From the Cave to the Algorithms Hermeneutics of the Platonic Allegory in the Phenomenology of the Digital Era

  • Mohammed DRIDI
Keywords: Allegory of the Cave, Digital Hermeneutics, Algorithmic Governmentality, Critical Émancipation, Philosophical Pedagogy

Abstract

This article investigates the heuristic relevance of Plato’s allegory of the cave for thinking through the mechanisms of cognitive subjection specific to the contemporary digital era. By mobilising the Platonic hermeneutic framework — grounded in the dialectical tension between illusion and disclosure, between perceptual captivity and intellectual liberation — it analyses the ways in which contemporary algorithmic environments reproduce, in historically unprecedented and technically sophisticated forms, the fundamental structures of the cave described in Book VII of The Republic.

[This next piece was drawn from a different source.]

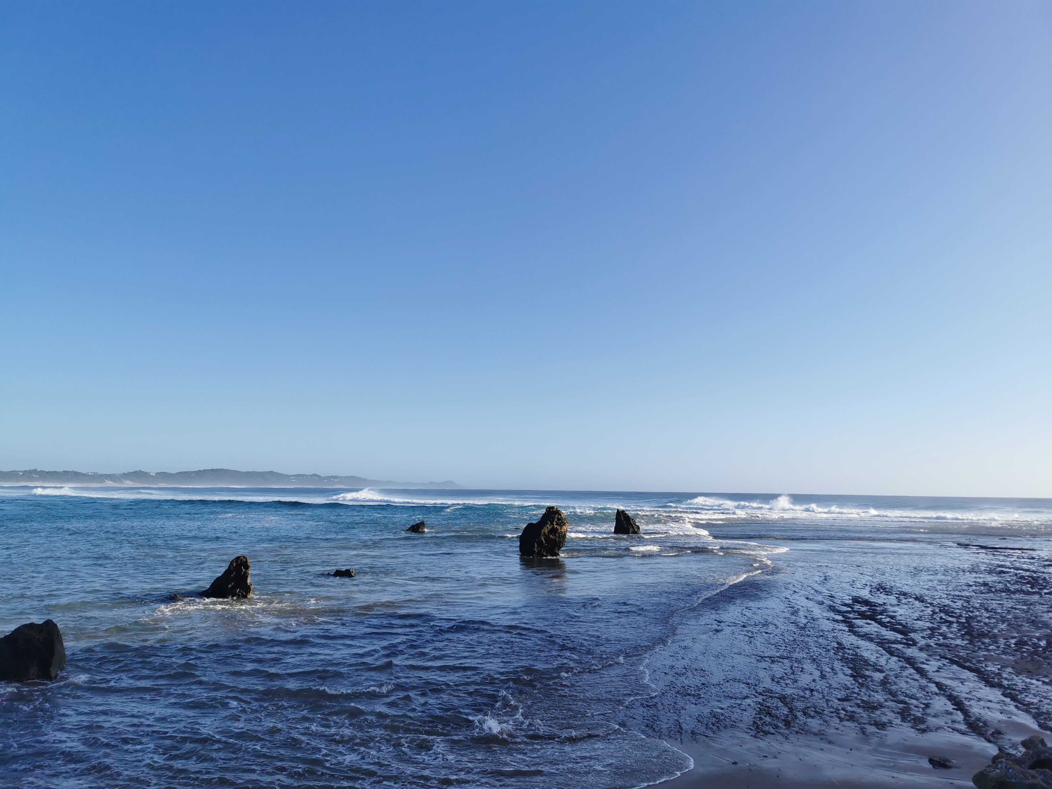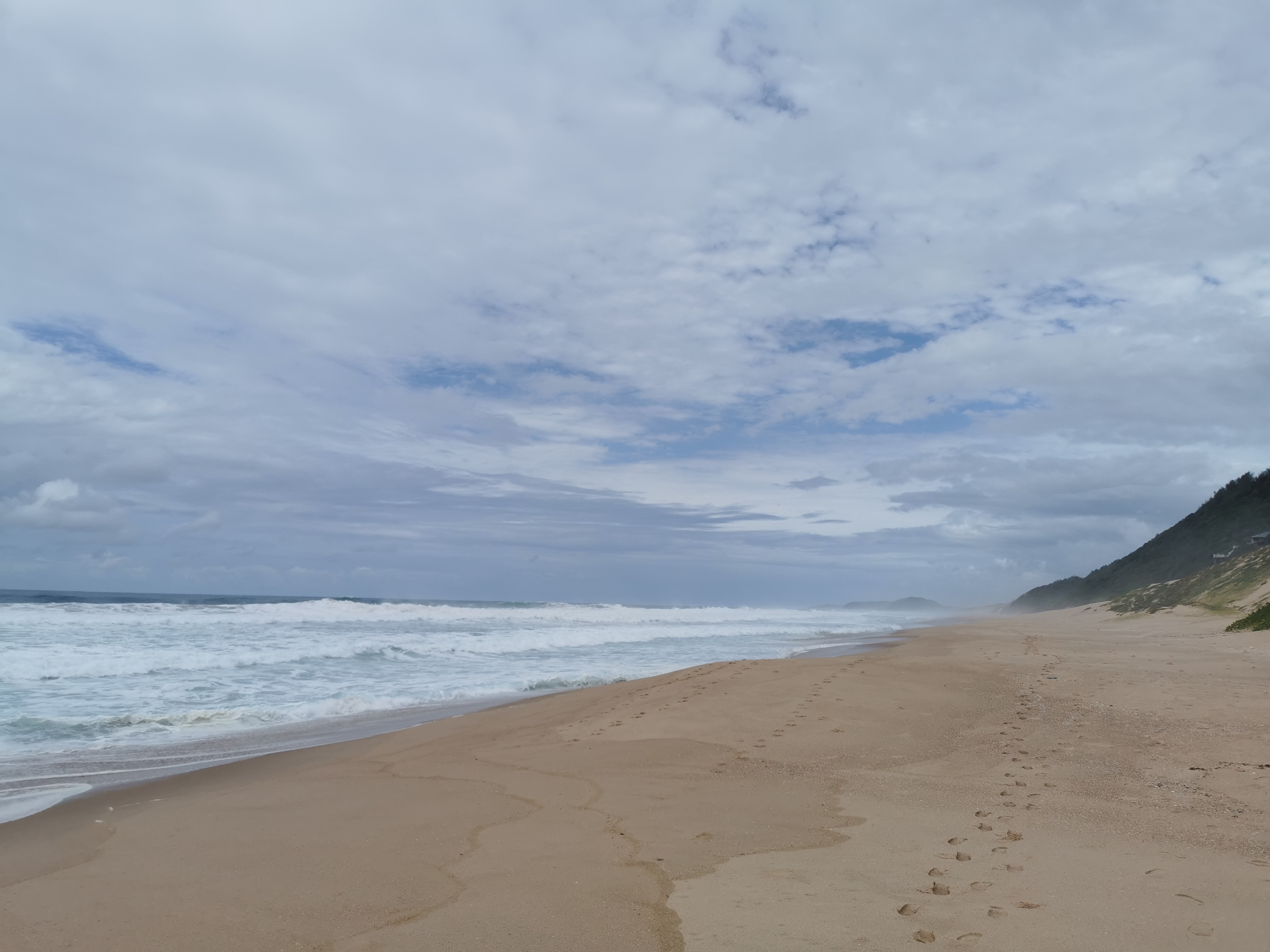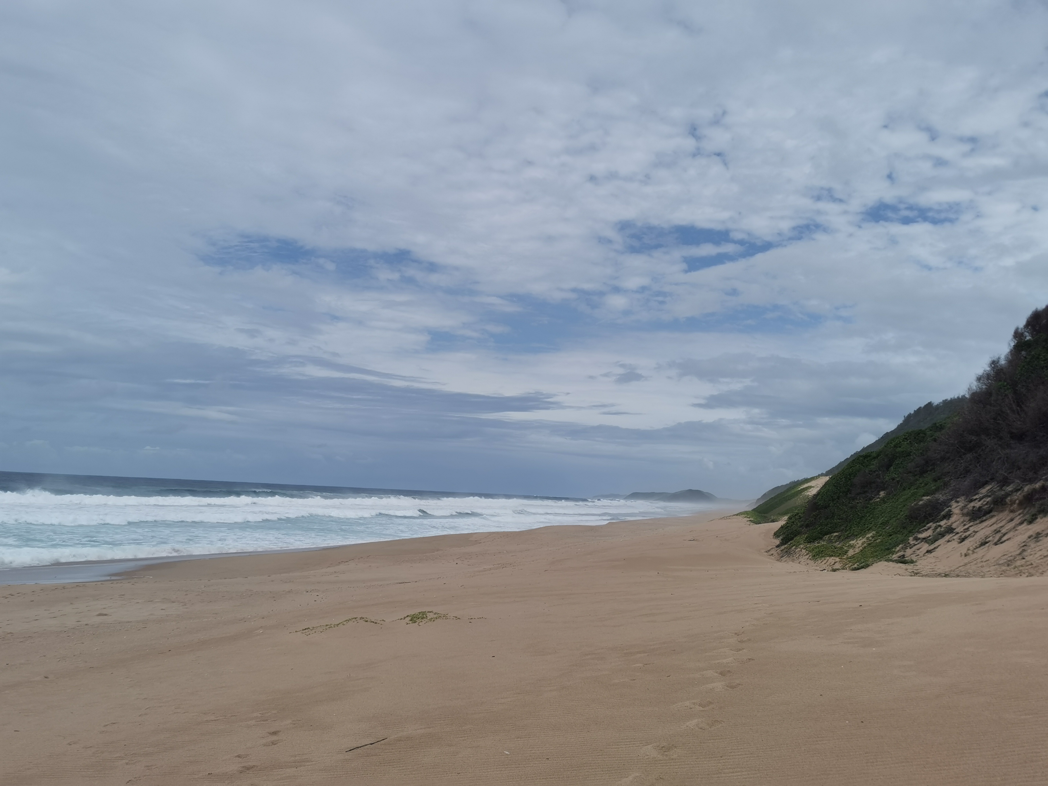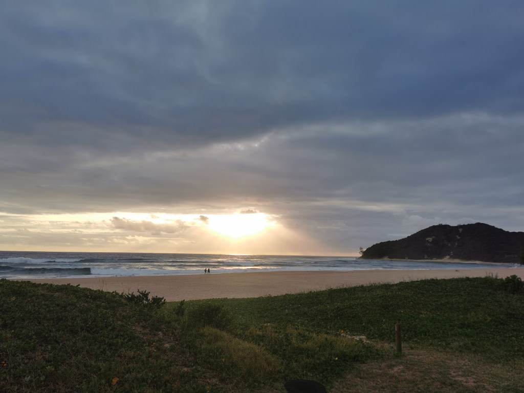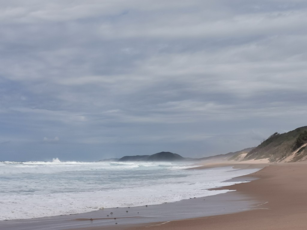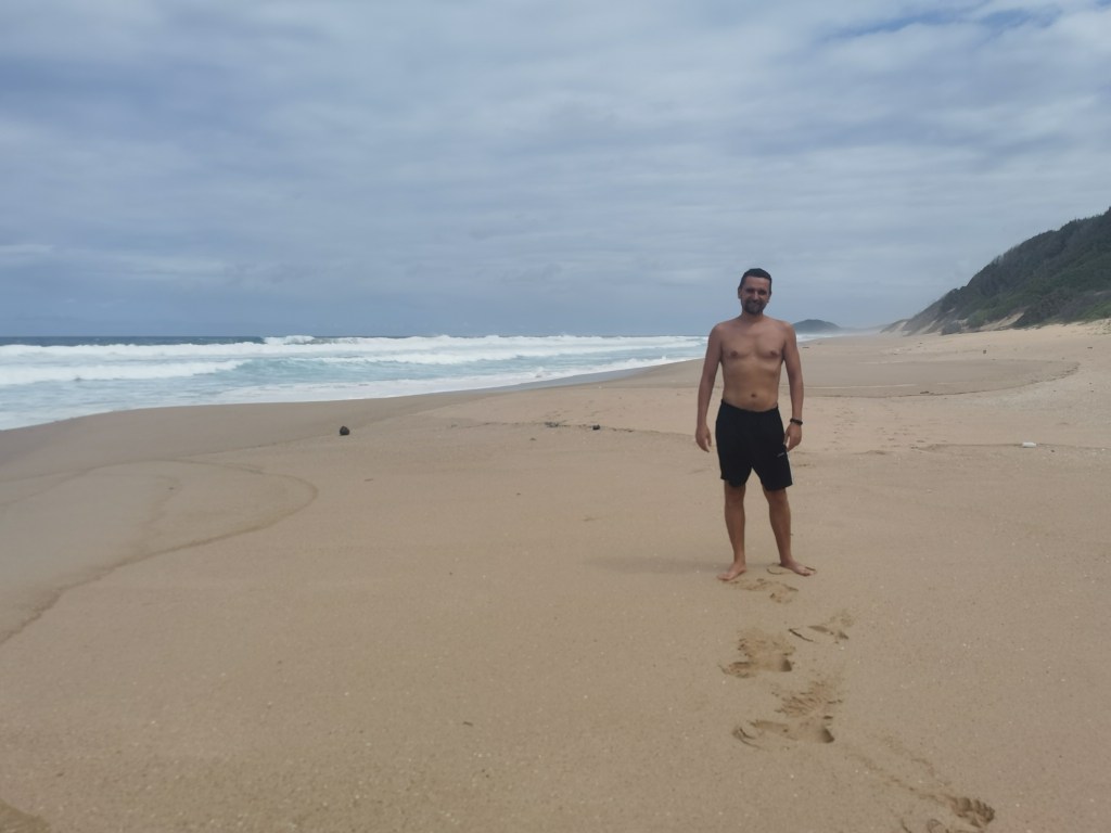 I looked back on the spot I tried to go swimming earlier, it was in Mozambique. So I had to go back in, in SA. It went slightly better, I got knocked over again but the water was a little deeper and I landed on my hands and feet this time, not my side like last time. This meant I got out without being covered in sand. Great success!

Far from reducing itself to a mere analogical transposition, this cross-reading aims to illuminate the specific mechanisms through which recommendation algorithms, informational filter bubbles and the attention economy establish a regime of conditioned visibility that profoundly reconfigures the conditions of knowledge and subjective autonomy. Drawing on the complementary contributions of the philosophy of technology (Stiegler, Ellul), media critical theory (Baudrillard, Debord), phenomenology (Arendt) and theories of emancipation (Freire, Rancière, Habermas), the analysis proceeds in five stages: the anthropological and epistemological foundations of the Platonic allegory, the phenomenology of algorithmic immersion, the aporias and specificities of digital illusion, the conditions of a critical emancipatory pedagogy and, finally, the prospects for an ethics of human-machine cohabitation. The article argues that the persistence of the critical requirement constitutes, beyond technical transformations, the fundamental condition of all genuine emancipation in the age of algorithms.